### EXERCISE DIRECTIONS
Reproduce, character for character, the lines below from the first through the one with "- Наступним шаром". Leave pictures out.

### SUPPLIED INFORMATION
***
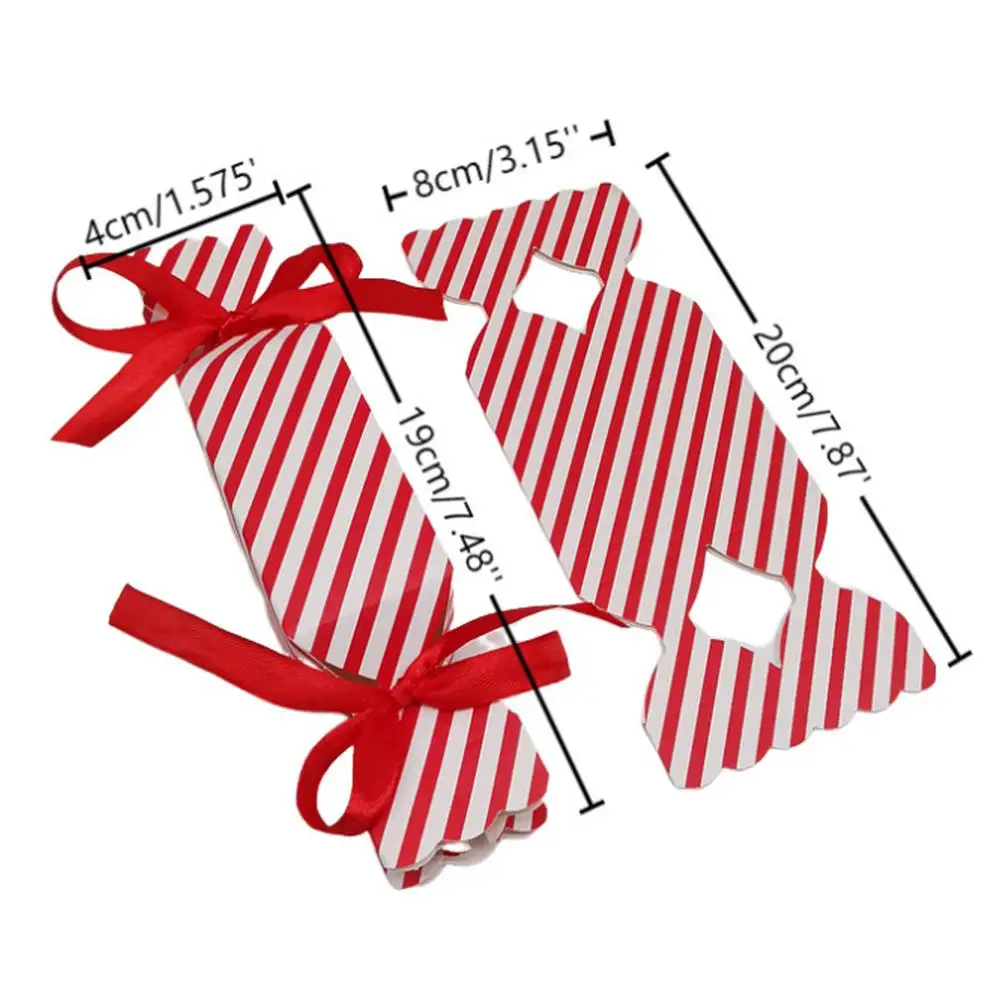 4.Fácil preparación: con cintas incorporadas que son fáciles de arreglar, estas cajas navideñas con forma de caramelo vienen con una exquisita cinta de embalaje, lo que garantiza una presentación práctica pero encantadora.
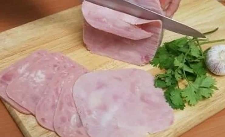 - Наступним шаром поверх жовткової маси викладаємо тонкі пластини шинки.
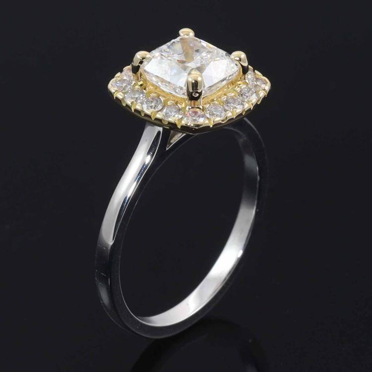 Diamond halo ring with centre cushion cut Natural Diamond of 1.70ct (with GIA Report graded as E SI1 #1425609051) and surrounding round Natural Diamonds totalling 0.39ct (Estimated grading: G-H VS-SI). 18ct yellow and white gold. Ring size: L1/4. Band width: 1.9mm. Weight 4.8g. (New)
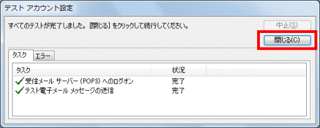送受信テストが完了したら「閉じる」ボタンをクリックします。
***
### SOLUTION TO THIS TASK
 4.Fácil preparación: con cintas incorporadas que son fáciles de arreglar, estas cajas navideñas con forma de caramelo vienen con una exquisita cinta de embalaje, lo que garantiza una presentación práctica pero encantadora.
 - Наступним шаром поверх жовткової маси викладаємо тонкі пластини шинки.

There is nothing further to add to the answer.